Thuringer also mentions that there has not been a high inflation, high interest rate cycle since the 1970s, meaning very few investment professionals operating in the market today have experience of working in this kind of environment, which is leading to further market uncertainty.
However, while it is expected the market will see a resurgence in NPLs, very different conditions to those in the wake of the GFC mean that experienced, specialist investors are likely to dominate and there will be fewer new entrants.
In addition to its own investments, Arrow Global also services NPL books for other investors and says this gives it the scale and links into the market needed to be able to make profitable NPL investments.
“We’re consistently seeing between 60-80 percent of our deals being sourced off market. Often these already sit on our platform, so we’re familiar with the asset and we also don’t have the expense of an agent in the middle,” explains Arrow’s Roberts.
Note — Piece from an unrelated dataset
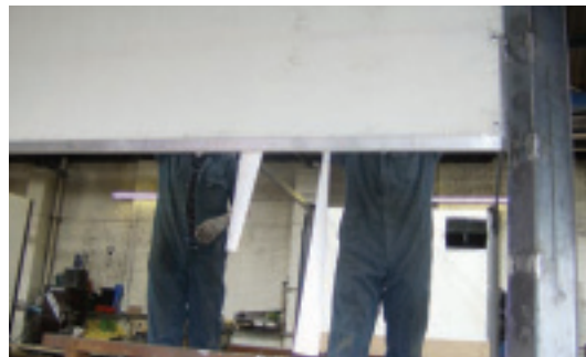
Das neue Tor kann in jeder beliebigen Position anhalten und zeichnet sich durch eine Fülle von Sicherheitsmerkmalen zur Gewährleistung des problemlosen Betriebs aus

By keeping costs low, Arrow is able to acquire smaller, tail-end portfolios without the need for leverage to enhance returns, which many of the larger NPL investors will not touch.
Balbec’s Troisi emphasises the importance of having a large network and in-house capability to be able to make profitable NPL investments in this market, saying: “You can’t be a tourist in NPLs. You have to have the infrastructure, the servicing capability, and the counterparty relationships to be able to acquire and properly manage these portfolios. There are a lot of barriers to entry.”
While today’s market may have become more challenging, a slew of new opportunities born of shifting economic conditions should keep experienced NPL investors busy in the coming years as well as fulfilling a vital role in helping banks to access much needed liquidity.
A cycle that could last 18 months
One of the most significant developments seen so far is the regional banking crisis in the US, which began when Silicon Valley Bank unexpectedly collapsed in March
Since then, several other regional banks in the US have collapsed or come under pressure and stoked fears that regional banks in Europe might face similar problems. As a result, regional banks are seeing increased attention from regulators and may be forced to generate liquidity though selling off underperforming loan books, which could present a big opportunity for NPL investors.
“Regional banks can and are experiencing stress from the reallocation of deposits out of the banking system to higher yielding instruments, which can also limit their strategic and tactical flexibility,” says Thuringer. “When combined with loan quality and collateral valuation concerns, it can certainly provide an additional catalyst for loan sales.”
Troisi agrees: “The regional bank crisis is a huge deal; it would have been hard to imagine that at the start of 2023 we would have multiple bank failures, but that’s where we are. We’re still in the early stages of regional bank deleveraging and we would expect this cycle to continue for around 18 months with a lot of opportunities to pick up portfolios.”